Cuando se busca en un diccionario aleman algunos sustantivos, aparece la palabra y al lado por ejemplo (¨,-e). La -e se supone que es la terminacion que se añade, pero siempre me surge la duda sobre la regla de coloacion del umlaut. Nunca se si es la primera vocal donde se pueda (ä, ö, ü) empezando por detras o por delante de la palabra.

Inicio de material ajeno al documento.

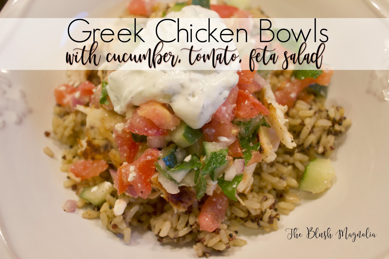 Heat a grill pan to medium-high heat and grill chicken until cooked through and no longer pink then chop. Meanwhile, cook rice and quinoa mixture (I use the 90 second bags with no shame) and serve 1/4 cup in the bottom of each bowl. Top with chicken and the cucumber tomato salad mixture. Serve a dab of tzatziki on top and a few kalamatas if you like them.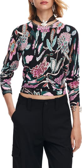 This soft and lightweight crewneck sweater is kissed with linen and printed with swoopy blooms and leaves to liven up your day.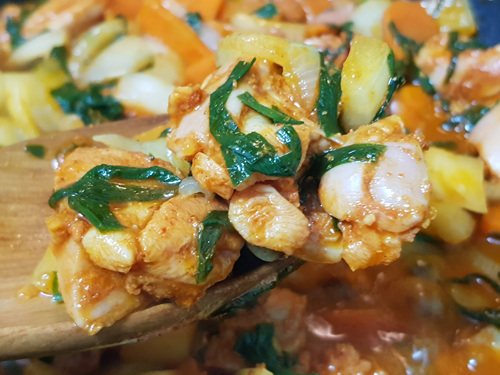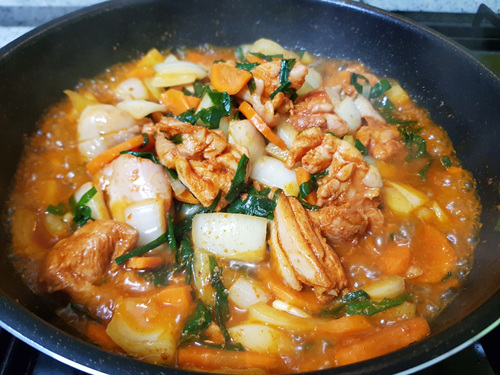 채소를 많이 넣으니 수분이 많이 생겨 전 수분이 적당히 없어질때까지 졸였어요.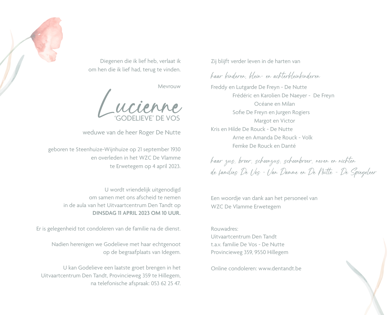 Overleden te Erwetegem (9620) op dinsdag 4 april 2023 op 92-jarige leeftijd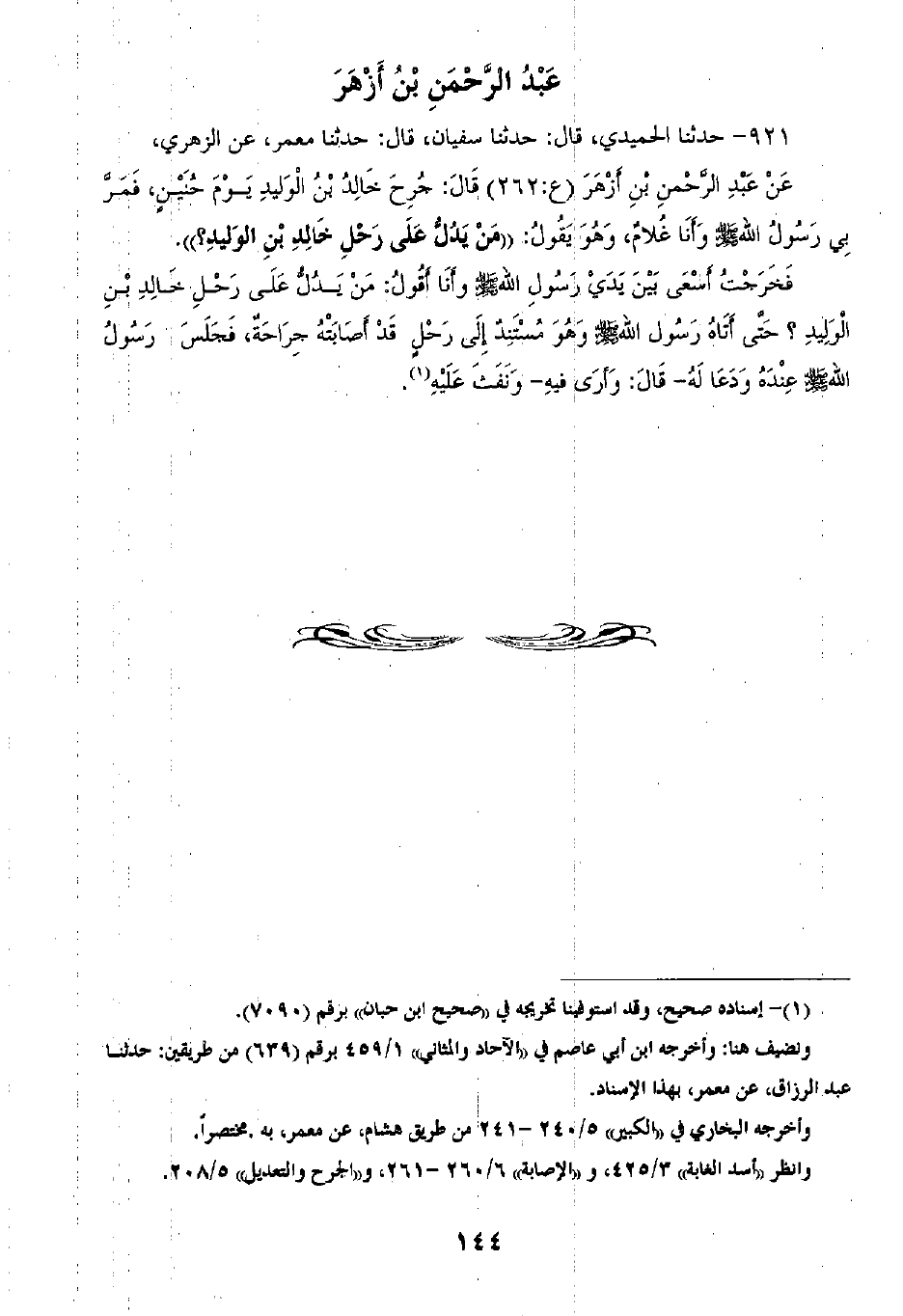 921 - حَدَّثَنَا الْحُمَيْدِيُّ قَالَ: ثنا سُفْيَانُ، قَالَ: ثنا مَعْمَرٌ، عَنِ الزُّهْرِيِّ، عَنْ عَبْدِ الرَّحْمَنِ بْنِ أَزْهَرَ، قَالَ: جُرِحَ خَالِدُ بْنُ الْوَلِيدِ يَوْمَ حُنَيْنٍ، فَمَرَّ بِي رَسُولُ اللَّهِ صَلَّى اللهُ عَلَيْهِ وَسَلَّمَ وَأَنَا غُلَامٌ، وَهُوَ يَقُولُ: «§مَنْ يَدُلُّ عَلَى رَحْلِ خَالِدِ بْنِ الْوَلِيدِ» ، فَخَرَجْتُ أَسْعى بَيْنَ يَدَيْ رَسُولِ اللَّهِ صَلَّى اللهُ عَلَيْهِ وَسَلَّمَ، وَأَنَا أَقُولُ: مَنْ يَدُلُّ عَلَى رَحْلِ خَالِدِ بْنِ الْوَلِيدِ حَتَّى أَتَاهُ رَسُولُ اللَّهِ صَلَّى اللهُ عَلَيْهِ وَسَلَّمَ وَهُوَ مُسْتَنِدٌ إِلَى رَحْلٍ قَدْ أَصَابَتْهُ جِرَاحَةٌ فَجَلَسَ رَسُولُ اللَّهِ صَلَّى اللهُ عَلَيْهِ وَسَلَّمَ عِنْدَهُ وَدَعَا لَهُ، قَالَ: «وَأَرَى فِيهِ وَنَفَثَ عَلَيْهِ»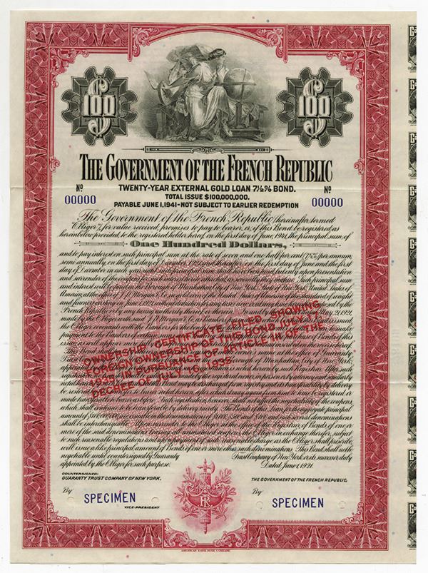 France, $100 Gold Coupon Bond, 7 1/2% Gold Loan Bond, Coupons attached, Black with red border and underprint. Very attractive and rare bond only found in specimen. VF, ABNC.

He visto en algun sitio que se habla de la vocal de la raiz del sustantivo, pero para mi no esta muy claro como sacar la raiz de un sustantivo aleman.

Se que en algun sitio se explica esto y de hecho creo haberlo visto al principio de algun diccionario pero jamas he vuelto a ver esa explicacion en ningun sitio.

De esta manera, agradeceria si alguien pudiera por favor explicar mi duda, asi como indicar si sabe de algun diccionario donde se explique esto o pudiera postear un link de algun sitio donde se trate este tema.

Muchisimas gracias.


Un saludo,


----------



## kunvla

Mund, der: ¨,-er [= M*ü*nd*er*]
Maus, die: ¨,-e [= M*ä*us*e*]
Laus, die: ¨,-e [= L*ä*us*e*]
Haus, das: ¨,-er [= H*ä*us*er*]
Horn, das: ¨,-er [= H*ö*rn*er*]
Buch, das: ¨,-er [= B*ü*ch*er*]

Así de simple.

Saludos,


----------



## davlar

Gracias por la contestacion, no obstante quizas no sea tan simple cuando surja la posibilidad de colocar el umlaut en dos posibles vocales.

En los ejemplos que usted indica, no aparece esta posibilidad salvo en Haus donde obviamente tiene que ir en la "a" ya que no existe el diptongo "aü". Mi pregunta radica en palabras (no sabria poner ejemplos) en donde se podria poner el umlaut en el plural en dos vocales y se que hay un criterio para decidir en que vocal va.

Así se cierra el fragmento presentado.